On Thursday, United Continental Holdings (NASDAQ:UAL) reported strong results for the recently ended fourth quarter. Additionally, United -- like most of its peers -- expects to achieve solid margin expansion in 2014. This improving outlook has caused the airline's stock to soar by more than 50% since late October.
However, with United now trading for about 11 times analysts' 2014 earnings estimates, the company's earnings upside is already priced into the stock. In fact, analysts may be getting ahead of themselves in projecting that United will increase its profit margin by 150 basis points this year. Unless the company gets help from falling jet fuel prices, there is a serious risk that United will start missing analysts' earnings estimates again in 2014.
A solid quarter
United's adjusted earnings per share of $0.78 beat the recent analyst consensus of $0.65. It also marked a very strong improvement compared to its adjusted loss of $0.58 per share in the fourth quarter of 2012, when United was tripped up by cost pressures and the impact of Hurricane Sandy.
That said, much of the airline's fourth-quarter earnings improvement can be attributed to lower jet fuel prices and the easy comparison caused by Hurricane Sandy. United's consolidated fuel price (including the effect of settled hedges) dropped from $3.28 in fourth-quarter 2012 to $3.09 last quarter. Since the company used nearly 1 billion gallons of fuel last quarter, spending $0.19 less per gallon added up to more than $180 million in cost savings.
Additionally, United has stated that the dislocation caused by Hurricane Sandy reduced fourth-quarter-2012 earnings by approximately $85 million. Together, these two factors accounted for more than half of the $488 million improvement in United's adjusted profit for last quarter.
The outlook is choppy
Even without the fuel price advantage and absence of another major storm, United would have posted solid margin growth in the fourth quarter. Like most U.S. airlines, United pointed to strong demand during the holiday season as a key driver of revenue and earnings growth. All in all, the company has good momentum going into 2014, which should be a strong year for the airline industry more broadly.
That said, United's first-quarter forecast was surprisingly glum. The company expects PRASM (a common measure of unit revenue) to be flat to 2% in this three-month period. Meanwhile, unit costs will be about flat, as a 3.5%-4.5% increase in non-fuel CASM will be offset by a significant decline in fuel costs.
Of course, it's possible that United management is being overly conservative with its forecast. After all, the carrier delivered a 3.2% increase in PRASM last quarter after initially projecting a slight decline. However, United executives pointed to several factors -- including severe weather earlier this month, the calendar shift of Easter from March into April, and a tough year-over-year comparison -- that will weigh down unit revenue growth this quarter.

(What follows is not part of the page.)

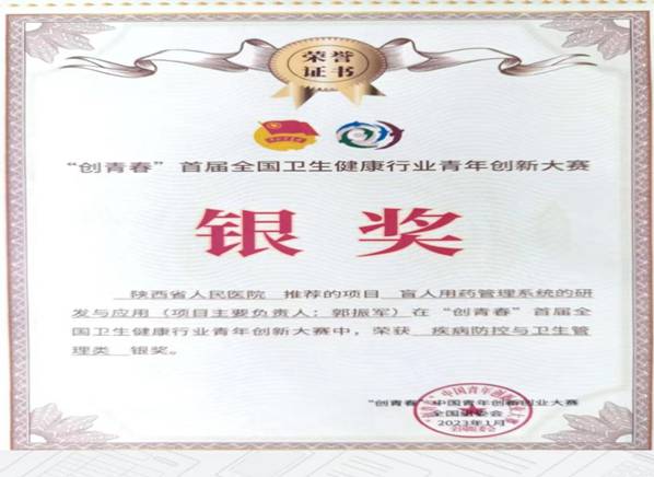 会上,为“创青春”首届全国卫生健康行业青年创新大赛获奖项目颁发证书,欧美视频 药学部郭振军主任助理作为主要负责人的项目《盲人用药管理系统的研发与应用》荣获“疾病防控与卫生管理类”银奖。

At the midpoint of United's forecast, the company will only achieve about 100 basis points of margin expansion this quarter. That would leave first-quarter EPS significantly below the average analyst estimate for a loss of $0.32 per share.
Many of the headwinds that could hold back first-quarter profitability will recede thereafter. However, this will not necessarily lead to faster margin expansion. This is because United will benefit in the first three months of 2014 from a big year-over-year drop in fuel prices that won't carry through into the rest of the year, based on the current outlook.
United's consolidated fuel cost (including settled hedges) was $3.28 in first-quarter 2013, but dropped to $3.02 in the next quarter. Unless jet fuel prices fall from today's level, fuel will go from being a significant tailwind in the first quarter to being a slight headwind in the second quarter.
Looking even further ahead, United will face challenging year-over-year comparisons later in 2014, especially when it goes up against the strong fourth-quarter performance it just reported. Furthermore, if industry profit margins grow significantly in 2014, at least some of United's competitors are likely to boost their capacity growth in 2015 and thereafter. That will make the competitive environment even tougher.
In short, while United is on a path to produce substantial profit growth in 2014, it may fall a bit short of analysts' targets unless fuel prices drop again. Even if it does manage to post full-year EPS of $4.36 (as the analyst community expects), United stock still looks pricey compared to its peers, because the company is not yet accruing income tax. When it starts accruing income tax again (in 2015 or 2016), that will reduce EPS by 35%-40% (all else equal).
Additionally, United's free cash flow will stay fairly low for the foreseeable future, as it expects capital expenditures to remain near $3 billion annually through 2017. As a result, while the company plans to announce a capital return program later this year, it is likely to remain very modest in scope.
United Continental may be seeing the first real signs of a turnaround in its business. However, its stock is now priced as if the way forward is free of obstacles for the company. That still seems like a dangerous assumption.